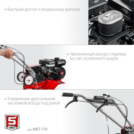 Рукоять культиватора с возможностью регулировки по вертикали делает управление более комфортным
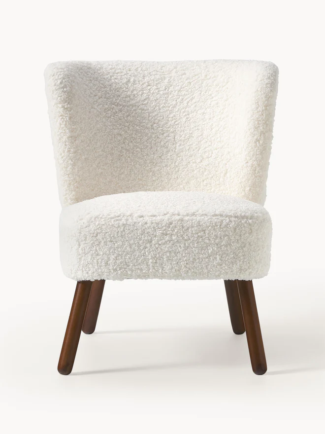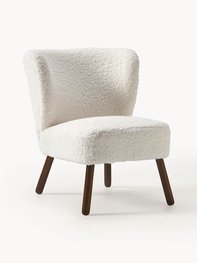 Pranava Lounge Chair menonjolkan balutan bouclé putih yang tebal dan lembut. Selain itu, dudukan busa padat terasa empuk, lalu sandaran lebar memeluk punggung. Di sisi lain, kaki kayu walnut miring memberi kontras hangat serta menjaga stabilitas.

...

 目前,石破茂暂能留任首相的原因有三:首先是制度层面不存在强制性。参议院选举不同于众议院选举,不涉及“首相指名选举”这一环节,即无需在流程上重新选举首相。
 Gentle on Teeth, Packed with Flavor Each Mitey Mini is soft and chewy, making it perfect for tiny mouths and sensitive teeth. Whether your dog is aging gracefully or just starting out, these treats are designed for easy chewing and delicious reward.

...

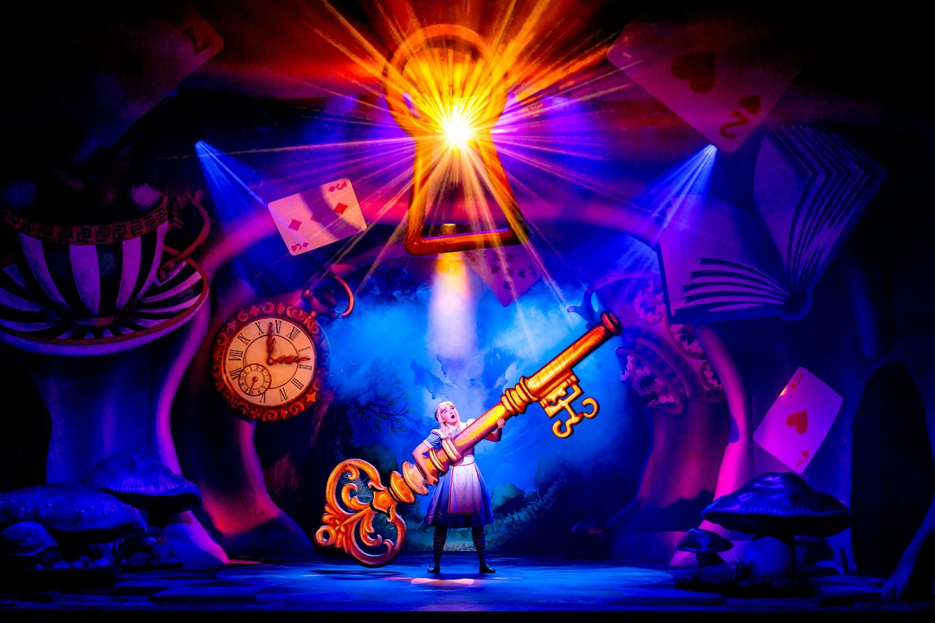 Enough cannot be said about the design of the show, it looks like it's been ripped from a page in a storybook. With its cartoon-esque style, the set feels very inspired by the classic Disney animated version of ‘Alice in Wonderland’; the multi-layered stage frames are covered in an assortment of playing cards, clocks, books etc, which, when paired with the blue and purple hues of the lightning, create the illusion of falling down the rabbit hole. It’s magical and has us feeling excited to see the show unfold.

Required work:
Among the entries above, take the line with "Рукоять культиватора с", the line with "Pranava Lounge Chair", and all the lines between them, and restate them word for word without pictures.

Output for this task:
 Рукоять культиватора с возможностью регулировки по вертикали делает управление более комфортным
 Pranava Lounge Chair menonjolkan balutan bouclé putih yang tebal dan lembut. Selain itu, dudukan busa padat terasa empuk, lalu sandaran lebar memeluk punggung. Di sisi lain, kaki kayu walnut miring memberi kontras hangat serta menjaga stabilitas.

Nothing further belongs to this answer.